What is required:
Transcribe each line of the records below exactly, excluding any embedded images.

--- Extracted data Enclosed Below ---

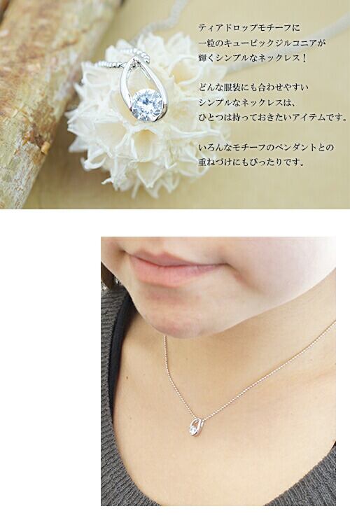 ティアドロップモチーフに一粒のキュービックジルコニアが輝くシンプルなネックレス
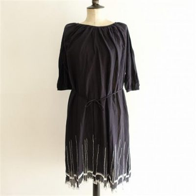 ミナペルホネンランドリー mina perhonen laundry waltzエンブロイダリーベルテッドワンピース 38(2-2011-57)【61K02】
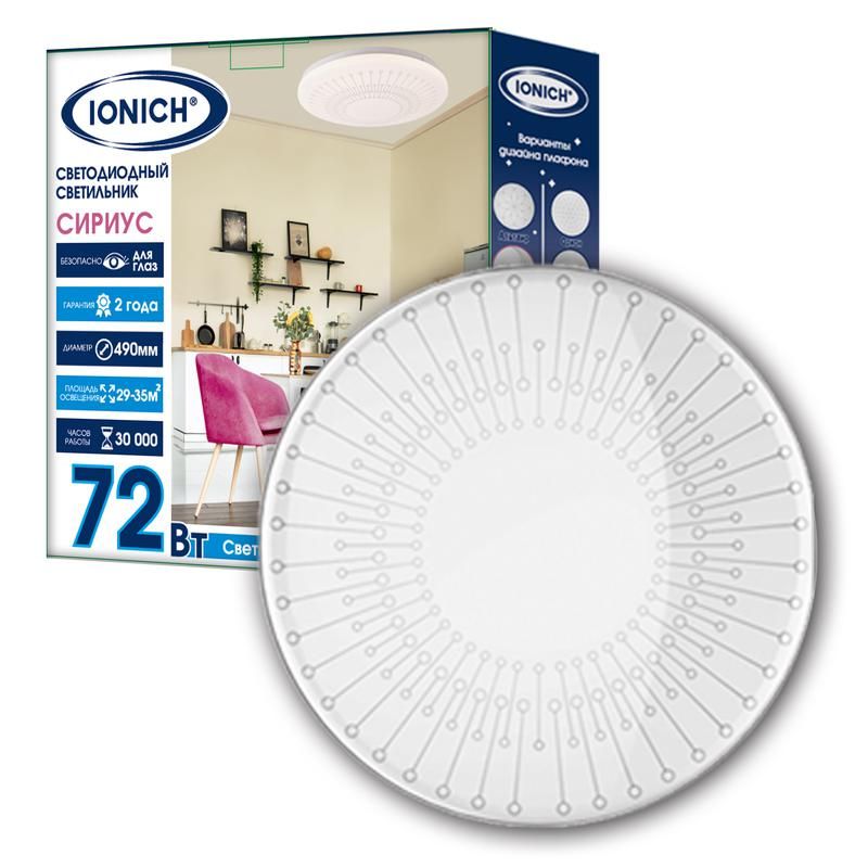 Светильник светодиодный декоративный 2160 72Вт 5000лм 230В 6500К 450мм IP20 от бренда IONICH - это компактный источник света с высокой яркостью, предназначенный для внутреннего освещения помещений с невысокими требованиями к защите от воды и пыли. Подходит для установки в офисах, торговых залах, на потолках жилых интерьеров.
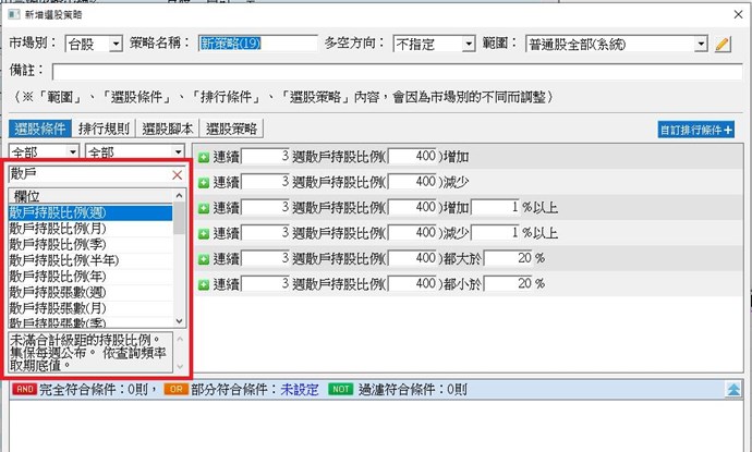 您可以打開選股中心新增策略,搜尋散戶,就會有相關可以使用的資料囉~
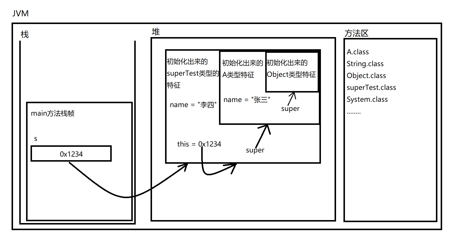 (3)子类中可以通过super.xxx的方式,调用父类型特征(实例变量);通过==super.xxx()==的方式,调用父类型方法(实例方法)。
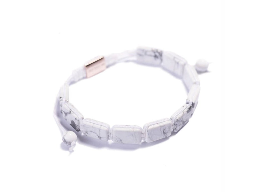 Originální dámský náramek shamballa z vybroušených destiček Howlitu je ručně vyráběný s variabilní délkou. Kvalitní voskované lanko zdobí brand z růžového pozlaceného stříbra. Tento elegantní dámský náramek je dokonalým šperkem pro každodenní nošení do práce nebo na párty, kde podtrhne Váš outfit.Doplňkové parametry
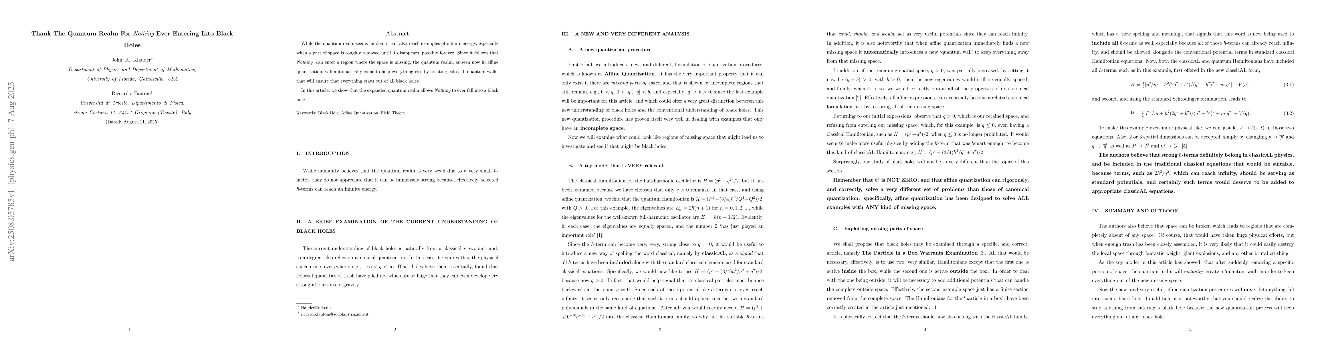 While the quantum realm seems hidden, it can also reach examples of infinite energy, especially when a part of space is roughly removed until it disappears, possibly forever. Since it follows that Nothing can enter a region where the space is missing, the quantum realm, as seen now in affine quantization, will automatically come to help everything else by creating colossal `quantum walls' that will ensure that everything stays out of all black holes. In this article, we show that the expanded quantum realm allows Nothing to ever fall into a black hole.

--- End of Enclosed Extracted data ---

Result of this task:
 ティアドロップモチーフに一粒のキュービックジルコニアが輝くシンプルなネックレス
 ミナペルホネンランドリー mina perhonen laundry waltzエンブロイダリーベルテッドワンピース 38(2-2011-57)【61K02】
 Светильник светодиодный декоративный 2160 72Вт 5000лм 230В 6500К 450мм IP20 от бренда IONICH - это компактный источник света с высокой яркостью, предназначенный для внутреннего освещения помещений с невысокими требованиями к защите от воды и пыли. Подходит для установки в офисах, торговых залах, на потолках жилых интерьеров.
 您可以打開選股中心新增策略,搜尋散戶,就會有相關可以使用的資料囉~
 (3)子类中可以通过super.xxx的方式,调用父类型特征(实例变量);通过==super.xxx()==的方式,调用父类型方法(实例方法)。
 Originální dámský náramek shamballa z vybroušených destiček Howlitu je ručně vyráběný s variabilní délkou. Kvalitní voskované lanko zdobí brand z růžového pozlaceného stříbra. Tento elegantní dámský náramek je dokonalým šperkem pro každodenní nošení do práce nebo na párty, kde podtrhne Váš outfit.Doplňkové parametry
 While the quantum realm seems hidden, it can also reach examples of infinite energy, especially when a part of space is roughly removed until it disappears, possibly forever. Since it follows that Nothing can enter a region where the space is missing, the quantum realm, as seen now in affine quantization, will automatically come to help everything else by creating colossal `quantum walls' that will ensure that everything stays out of all black holes. In this article, we show that the expanded quantum realm allows Nothing to ever fall into a black hole.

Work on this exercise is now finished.